De Wildt et al. [23] studied the correlation between saliva and serum levels of caffeine in 140 preterm infants aged from 24 to 34 weeks GA. They compared samples (analyzed by HPLC) according to the method of the saliva collection (not stimulation, citric acid on a swab and citric acid in cheek). They suggested that saliva correlation would be better if the saliva secretion was first stimulated by citric acid, but saliva collection stimulation would be impractical in clinical practice. In addition, the volumes collected in our study (10 µL) allowed us to make several determinations of each of them, showing that it is not necessary to use salivary stimulants. In this study there was also a slightly better correlation between serum and saliva when concentrations were lower. Dobson et al. [26] reported a study of paired salivary and plasma caffeine samples in 29 preterm infants (mean GA 27.9 ± 2.1 weeks). Salivary samples were obtained using a commercially available salivary collection system when they were already stable and had reached a maturity of PMA of 33–36 weeks, when they probably no longer need analyses of caffeine level in clinical practice because of the limited clinical impact of the AOP. Their correlation coefficient between saliva and blood samples was r = 0.87. Chaabane et al.[24] published a study in 13 newborns of mean GA 32.2 ± 0.7 weeks not diagnosed of AOP (neonates with AOP were excluded). Each patient received 5, 10, 15, 20 and 25 mg/kg/day of IV caffeine from the first to the fifth day of birth. Samples were analyzed by enzyme multiplied immunoassay technique (EMIT). Caffeine concentrations showed a good coefficient of determination, r2 = 0.76. Mean difference concentrations were also better when the values were smaller (Table 2) but correlation remains in higher values. They showed that saliva caffeine monitoring by EMIT could be a valid alternative to serum in preterm infants, but not in a representative population of daily practice.
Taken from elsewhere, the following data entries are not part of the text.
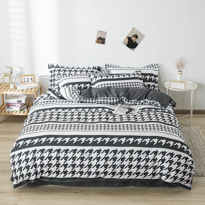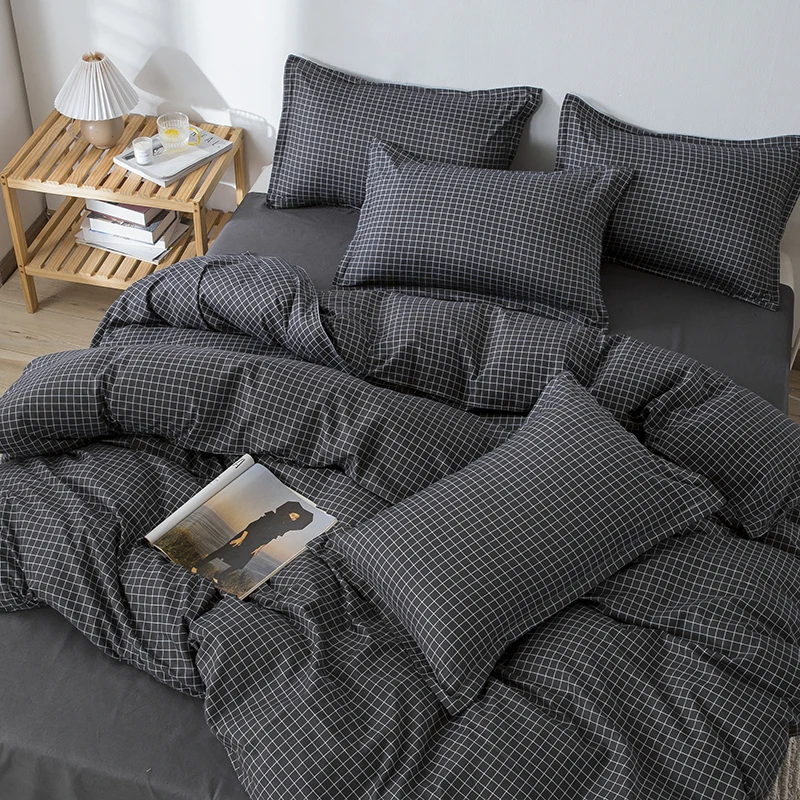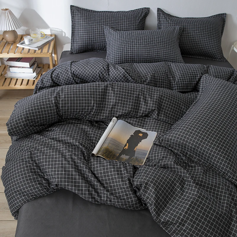 Постельное белье в нордическом клетку, пододеяльник, наволочка, простыня, 150, односпальное, двуспальное, двуспальное, современное постельное белье, черное, белое, геометрическое постельное белье
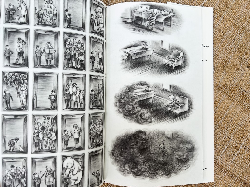 Still, the unresolved business of heights comes to a head when Zapfino dozes off while toasting bread. The toaster catches on fire., and the smoke quickly spreads. Marla Frazee could have had any number of reasons for choosing a grayscale palette for the book—it enhances the cinematic quality of the story, for one, as well as creates a blank slate for possibility—but on a purely tactical level, it allows her to illustrate a fire without terrifying her young reader.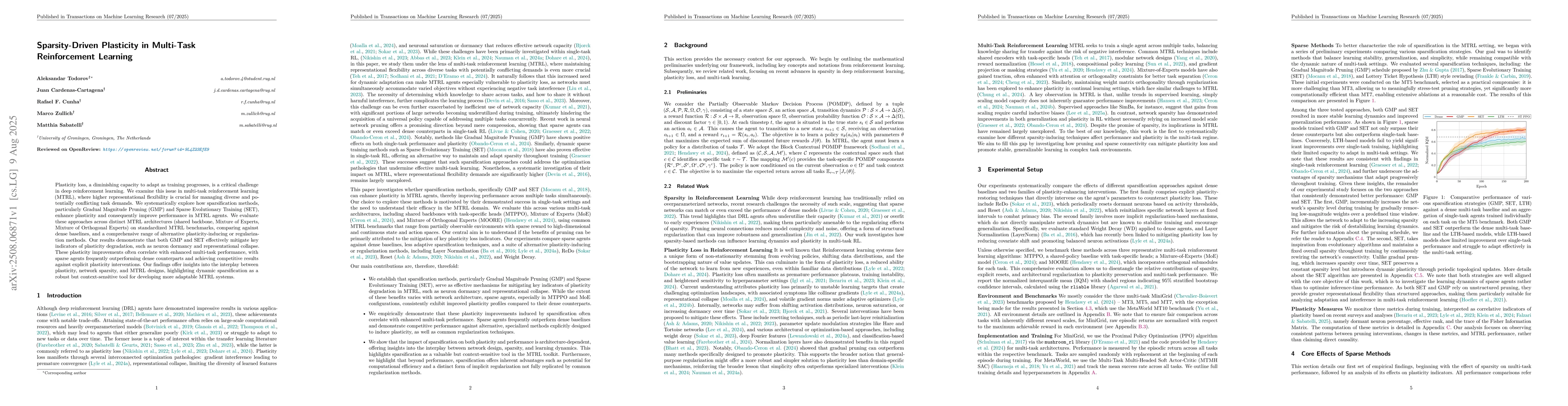 This study systematically explores the impact of sparsification methods, specifically Gradual Magnitude Pruning (GMP) and Sparse Evolutionary Training (SET), on plasticity and performance in Multi-Task Reinforcement Learning (MTRL) agents. The research evaluates these approaches across various MTRL architectures and benchmarks, comparing them against dense baselines and alternative plasticity-inducing methods.

The strengths of our study are a large representative sample of a target population that benefits of this drug every day, which includes extremely preterm infants who needs IV administration and several others concomitant drug. The non-invasive collection system without salivary stimulants and the caffeine doses used according the data sheet allows the reproduction of our study to increase awareness of this widely used drug. Moreover, although the correlation is better at low doses, as in most studies, the correlation remains at higher values, which makes it useful in clinical practice before making changes to the dosage. We are also aware of its limitations. The technique used to collect samples requires a few minutes. The analysis technique is currently a research technique, however, will be possible to translate it to daily practice after its simplifying in future studies. When caffeine concentrations are needed for clinical management, normally when clinicians are concerned about subtherapeutic or toxic concentrations, they are measured in blood, but our study prove that salivary sampling may be a valid non-invasive alternative that could be used not only in these cases, but more commonly to individualize and optimize the dose of this drug until we have more data on its polymorphisms that allow us to better individualize the treatment to implement optimal precision medicine in this vulnerable population. This is especially useful when is applied to extremely low birth weight infants, in whom blood sampling must be severely restricted or when doses are raised above that established in the data sheet.